“È morto Bernardo Provenzano. Un uomo di mafia. Un Capo. Una persona che ha commesso tanti omicidi e traffici illeciti, e tante altre cose che non basterebbe questa pagina. Non lo conoscevo. Non gioisco, non l’ho mai fatto, mi pare barbaro. Lo facevano i mafiosi dopo gli omicidi eccellenti e le stragi. Ed io voglio essere diverso”.
Inizia così un lungo post sui social network, strumento di esternazione sempre più usato anche dai magistrati, di Nico Gozzo, attuale sostituto procuratore generale a Palermo, già sostituto a Caltanissetta come a Palermo.
Un post nel quale il magistrato getta ombre sull’operato dei suoi colleghi di palermo nel 2013 quando lui era a Caltanissetta: “Mi rimangono due rimpianti” scrive Gozzo che poi li elenca: “Mi rimarrà sempre il dubbio che quel 31 maggio 2013 tutto potesse andare diversamente. Quando, cioè, Provenzano espresse timidamente, e già provato psichicamente, la possibile volontà di collaborare alla Procura di Palermo. Che era andata a sentirlo senza noi di Caltanissetta, nonostante diversamente si fosse deciso. Peccato per una fuga di notizie che immediatamente accadde, e che produsse l’inaridimento della possibile importantissima fonte di dichiarazioni. Senza contare che poi accaddero una serie di eventi, di cui si è occupata la stampa (si ricorderà la foto di Provenzano con un ematoma sulla testa)”.
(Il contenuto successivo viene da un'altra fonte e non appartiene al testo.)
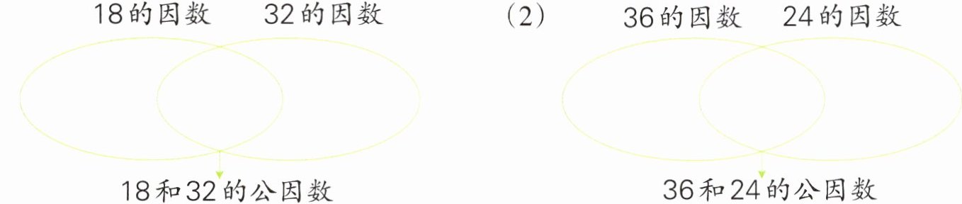 18和32的最大公因数是( )。 36和24的最大公因数是( )。

Ombre sinistre dalle parole di Gozzo anche sulla caduta in carcere di Provenzano, dunque, ma non si ferma qui. “In questo momento, mi sento pure di dire che lo Stato italiano avrebbe potuto, in questi ultimi anni, marcare la propria differenza. Far sentire, nel momento in cui Provenzano ‘non ci stava più con la testa’, la differenza tra uno stato di diritto, che applica le norme, anche nei confronti di un mafioso – e dunque, se uno non ragiona e non comunica, non può essere pericoloso – e le belve di Cosa Nostra, che le regole le fanno solo a loro uso e consumo, calpestando sempre la vita umana”.
“Ed invece – conclude Gozzo – si è voluto continuare ad applicare il 41 bis ad un uomo già morto cerebralmente, da tempo. Con ciò facendo nascere l’idea, in alcuni, che la Giustizia possa essere confusa con la vendetta. O che il diritto non è uguale per tutti. È ciò, per me, è inaccettabile”.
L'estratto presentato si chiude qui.